The Impact of Grey Literature on Climate Projections

Johannesburg, 11 March 2010 (IRIN) — Most food crop cultivation in Africa is rain-fed, but climate change is affecting vital rainfall patterns and pushing up temperatures, diminishing yields that could halve in some countries by 2020.  This warning has been widely quoted since it first appeared in a synthesis report for policy-makers in 2007 by the authoritative UN Intergovernmental Panel on Climate Change (IPCC).

Clouds of doubt gathered over the statement after it emerged that the IPCC report had based the projection on a non-peer reviewed research paper — otherwise known as “grey literature.”

The claim was published in Sunday Times newspaper in the UK on 7 February, in a report headlined “Africagate: Top British Scientist Says UN Panel Is Losing Credibility.”

A flood of allegations from all quarters then began to question the credibility of the 2007 assessment report.  Governments and policy-makers use the IPCC assessment reports to formulate plans and strategies for coping with climate change.

So, is the projection incorrect?  We asked the IPCC and other scientists, but we will have to wait until the end of August 2010 to find out.

On 10 March the UN announced that a Netherlands-based group of 15 national academies of science would review how the IPCC does its work.  The Panel publishes periodic assessments by the three committees that deal with the causes of climate change, its impact, and mitigation options.  The review committee will also consider whether the IPCC should use non-peer reviewed papers.

What Other Scientists Say

The projection that crop yields could be reduced by 50 percent in some African countries, contained in the synthesis report, was based on a paper cited in the Panel’s report on impacts.

Written by Ali Agoumi, a Moroccan climate expert, the paper “is a summary of technical studies and research conducted” in three countries — Morocco, Algeria, and Tunisia — submitted to the UN Framework Convention on Climate Change, “and is a perfectly legitimate IPCC reference,” wrote a group of scientists involved in the panel’s reports on the popular blog RealClimate, run by them on 14 February.

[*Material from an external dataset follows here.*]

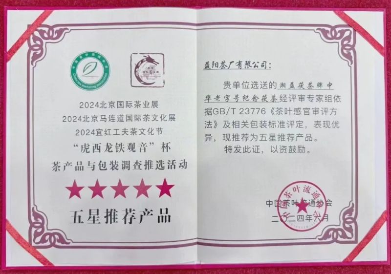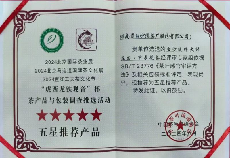 此外,集團(tuán)公司多款產(chǎn)品在“兩展一節(jié)”茶產(chǎn)品與包裝調(diào)查推選活動(dòng)中榮獲星級(jí)推薦產(chǎn)品、推薦茶包裝。其中,白沙溪茶廠黑茶產(chǎn)品“大師莊園·甲辰茯茶”、益陽(yáng)茶廠黑茶產(chǎn)品“中華老字號(hào)紀(jì)念茯茶”、湘茶高科深加工產(chǎn)品輕輕茶“國(guó)貨優(yōu)品黑茶固體飲料”、茶守藝代用茶產(chǎn)品“暴打油金花黑茶(嗨吃無(wú)憂裝)”榮獲“五星推薦產(chǎn)品”、“推薦茶包裝”;茶守藝黃茶產(chǎn)品“君山遠(yuǎn)黛”、茶葉博物館綠茶產(chǎn)品“黃金茶1號(hào)”榮獲“五星推薦產(chǎn)品”;瀟湘茶業(yè)綠茶產(chǎn)品“保靖黃金茶”榮獲“四星推薦產(chǎn)品”;茶守藝綠茶產(chǎn)品“沙水茗間”、瀟湘茶業(yè)綠茶產(chǎn)品“保靖黃金茶”榮獲“推薦茶包裝”。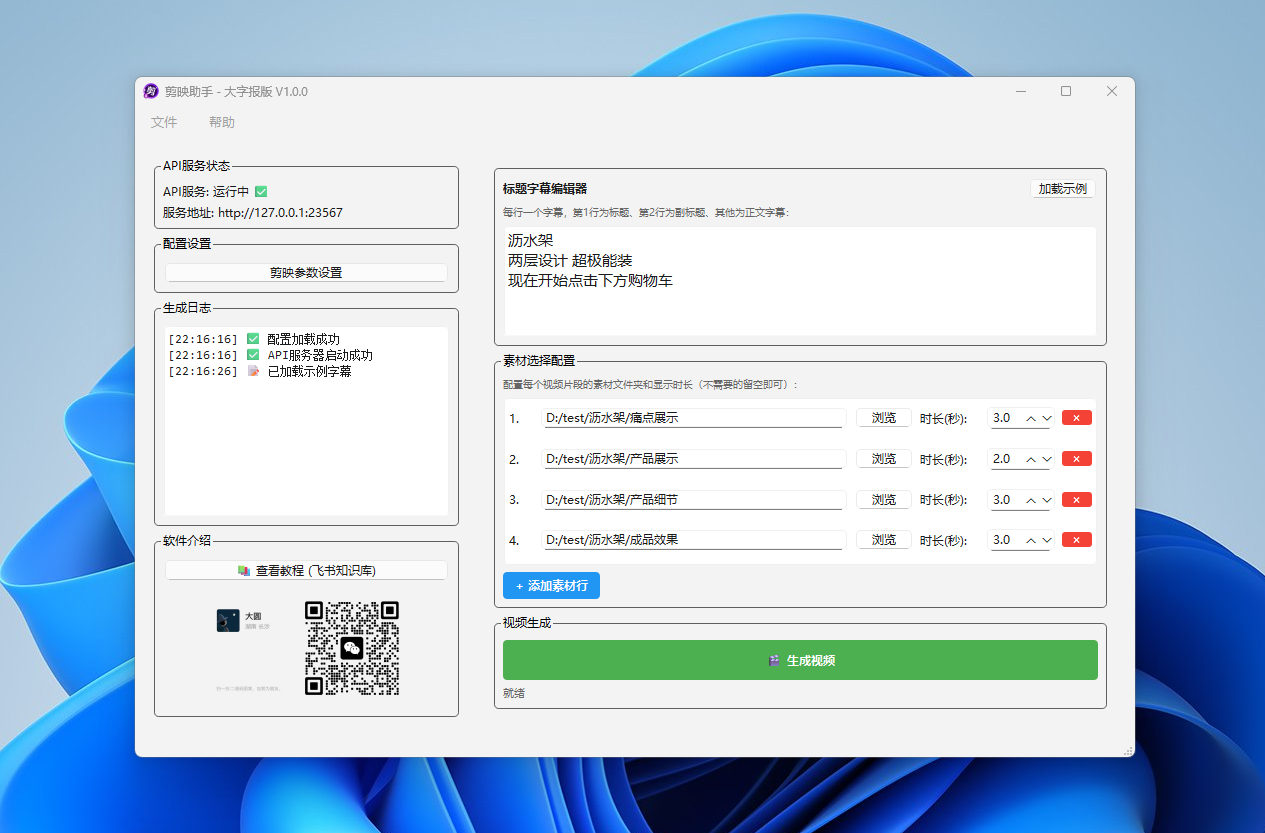 今天上班后,我就把之前自动化流程里的相关代码提炼出来,做成了一款“大字报”版本的「剪映助手」。

“The IPCC cites 18,000 references in the AR4 [Fourth assessment report]; the vast majority of these are peer-reviewed scientific journal papers . . . it is indispensable to use gray sources, since many valuable data are published in them,” the scientists said in defence of grey literature.

“Reports by government statistics offices, the International Energy Agency, World bank. . . .  This is particularly true when it comes to regional impacts in the least developed countries, where knowledgeable local experts exist who have little chance, or impetus, to publish in international science journals,” the scientists commented.

Yet it is not the use of grey literature that seems to be the issue.  David Lobell, of Stanford University’s Program on Food Security and the Environment, who has worked extensively on projecting the impact of climate change on crop yields in Africa, called the IPCC statement in the synthesis report “ill-advised.”

“The original syntax was technically correct (i.e., worst years are 50 percent yields drops, and these could become more common), but it was easily misinterpreted as a statement about average yields,” he said.

IPCC officials often quoted the statement to illustrate the possible impact of climate change on food production in Africa, when the document on which it was based only referred to three North African countries.

“Part of the problem was that the scientific literature on some of these issues was quite lacking at the time [when the report was being compiled — the report takes three years to be written],” Lobell acknowledged.

“One risk now is that people could interpret the IPCC statement as being wrong, saying that Africa doesn’t really face a threat, or that other IPCC statements are also in doubt.  In fact, we think Africa faces some of the toughest impacts on agriculture in the world, just not as extreme as the IPCC statement suggested.”

The Scandal

The Sunday Times report in the UK was among several that followed a controversy dubbed “Climategate,” which broke in November 2009, ahead of the UN climate change conference in Copenhagen in December.  The row started when hacked emails by the Climatic Research Unit at the University in East Anglia, one of the centers that supplied data to the IPCC, were published on a website for climate change sceptics.

Since then, newspapers across the world have published allegations by climate change sceptics, organizations, government officials, and other publications that the IPCC manipulated climate change data or used non-peer reviewed papers as the basis for some of its projections.

The UN panel defended its work until it was forced to admit in January that it had erroneously projected that 80 percent of the Himalayan glacier area would very likely be gone by 2035.

The panel had sourced the projection from a document produced by the World Wide Fund for Nature (WWF), which had used an interview by a scientist with the magazine, New Scientist, in 1999 as the source of the projection, and not a scientific publication.